I found myself standing on the balcony now, trying to do the same thing I had once done so easily, that thing I had done which I never meant to do, that thing which just happened on a morning so long ago.
But I was running into serious difficulty now, I was stumbling and crashing into intangible obstacles. I was having problems with this thing which once had been so simple, problems with something that had once seemed to flow unimpeded, soft and smooth and natural. It was not so easy anymore, not as easy as it once was, not easy at all.
Maybe I thought about it a bit too much, maybe the thoughts of loss were like dark clouds that prevented me from seeing openly. Maybe I had lost the gift of simple observation somewhere along the way and now I couldn't say where or how it had happened.
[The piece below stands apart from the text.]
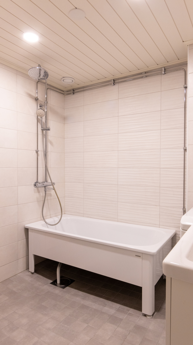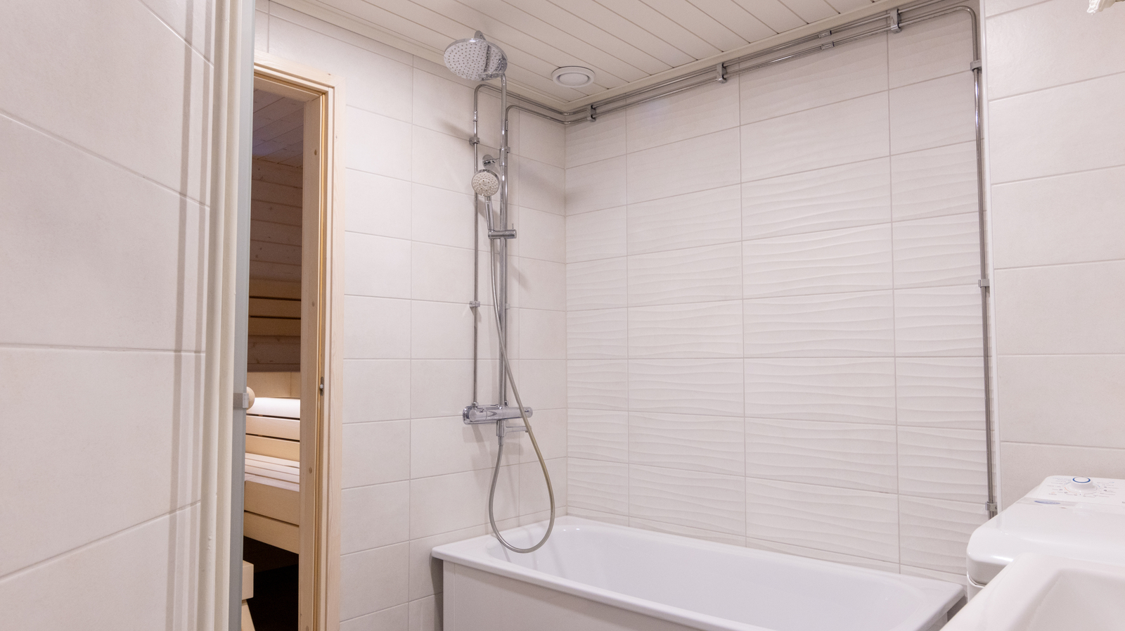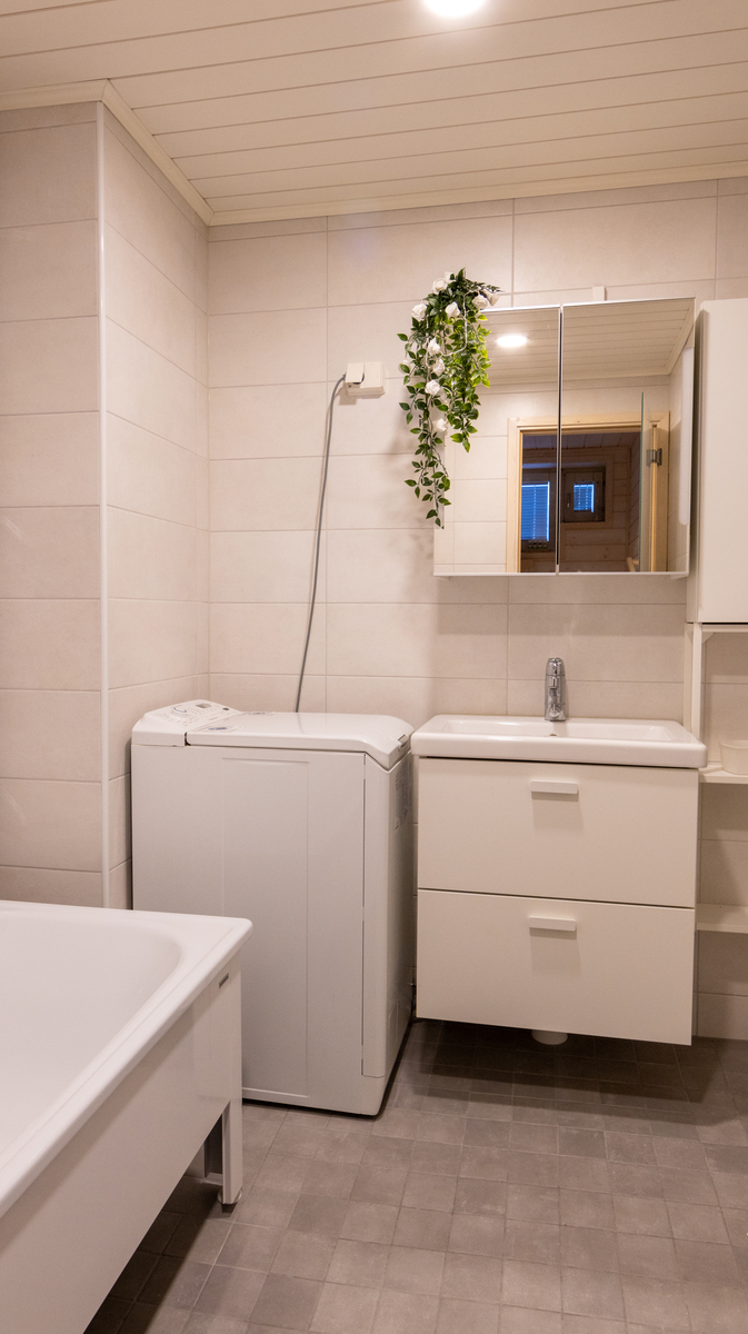 Pesukoneliitäntä, lattialämmitys, peilikaappi, suihku ja kiinteät valaisimet, seinät (kaakeli), lattiat (laatta) |

‘I used to have the experience and not the explanation. Now that I have the explanation I am looking for the experience. I can only find it if I get rid of the explanation that I once worked so hard to find. The experience, the direct experience, just like a child, just like the child I once was…just like the day I was working on my homework and the morning went away in a maze of colors and sound and light… the order of the factors does not alter the results… the order of the factors does not alter the results… it doesn’t matter what comes first, the experience, the explanation…the order of the factors doesn’t alter the results…'
And the morning opened up before me, slowly but surely, while I quietly did my homework, the homework I was finally understanding for the first time, the homework that spoke in a rhythm of simplicity and recurring sonic beats, the homework I still had time to finish.